Tinkering Under the Hood
Thankfully, Thrustmaster mostly nailed the execution of their hybrid belt and gear-driven wheel. Both under and oversteer are conveyed accurately, giving the user plenty of time to make adjustments and straighten out. Plus, there’s an impressive amount of torque under the hood that’ll take you by surprise if you’re not ready for it. In fact, with settings kicked up to the maximum, there were a few crashes in Assetto Corsa that genuinely made me question if the wheel would hold up. But, alas, she’s still going strong.
Speaking of going strong, the T3PM pedal set that’s included in the bundle has been an, admittedly, unexpected joy to use. Though they don’t provide the same sort of accuracy and consistency that a solid pair of loadcell pedals will provide, the magnetic H.E.A.R.T. technology that’s replacing the standard potentiometer in the brake pedal makes a world of difference. Braking feels much more natural, approaching levels of feeling like an authentic vehicle in ways that Thrustmaster’s previous T3PA pedals could only dream of.
Nothing’s perfect, though, and The T248 comes with its fair share of issues. Coming from a purely belt-driven setup in the T300 RS, the T248 is much noisier than anticipated. I assumed that the belt would help alleviate most of the noise that gears tend to produce, but I don’t think the T248 is any quieter than the T150 – a purely gear-driven wheel.
I’m also not convinced that the pricepoint necessarily vindicates this over a T300 set – a unit that’s about $100 more. The T248 base doesn’t allow for the wheel to be swapped out, meaning you’d never be able to make use of the extensive line of aftermarket options available. And, given that the T150 can be found for much less, I worry that the T248 might not quite catch on for the entry-level sim racers like Thrustmaster is hoping it will.
Take the plunge, though, and I think you’ll find a lot to like.

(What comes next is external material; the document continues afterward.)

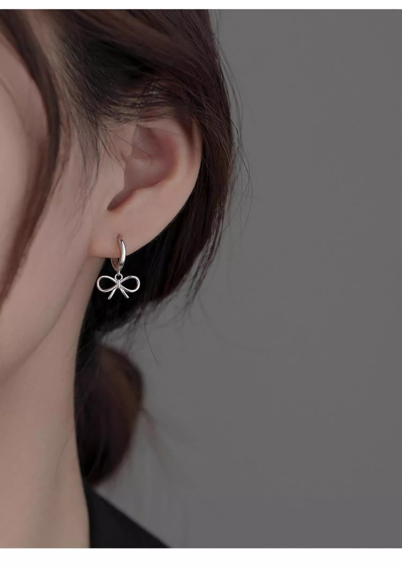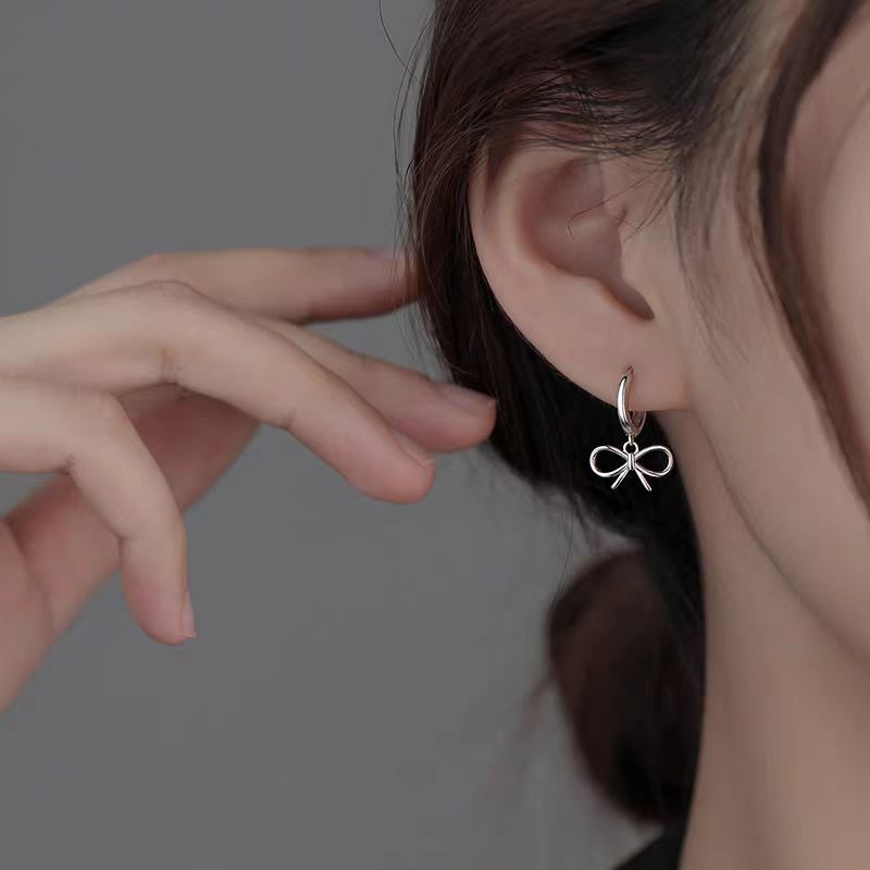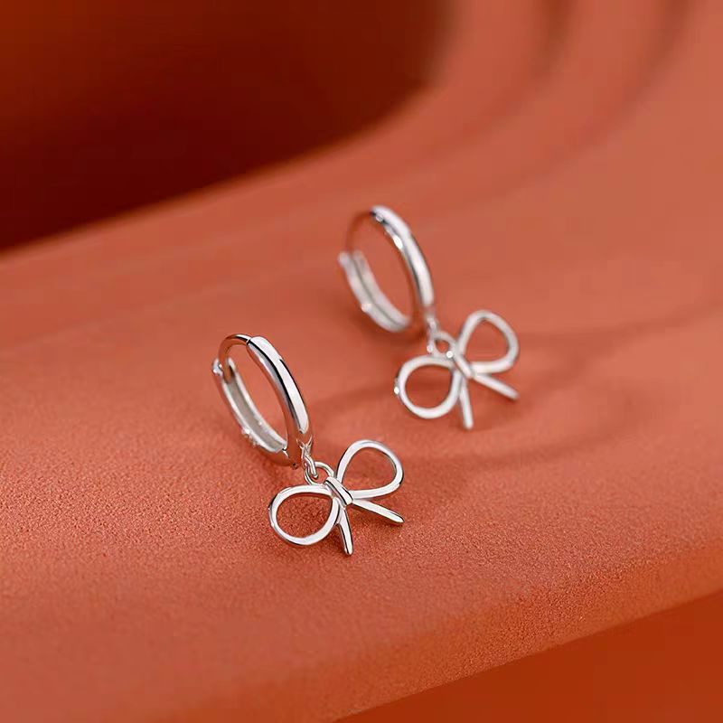 S925 Sterling Silver Pin Bow Ear Ring 2025 New Fashionable Korean Style Simple Small Fresh Niche Design Sense Ear Buckle

Overall, I’m a big fan of the Thrustmaster T248. It’s been through the wringer with me and come out on the other side with primarily high praise. The force feedback provided will be more than adequate for the vast majority of people who use it. And the pedal set is fantastic, somewhat helping to justify the hefty price tag. It’s undoubtedly an improvement over the T150, and more importantly, it provides a world of difference compared to a standard controller. If this is your first foray into sim racing, you could do a lot worse.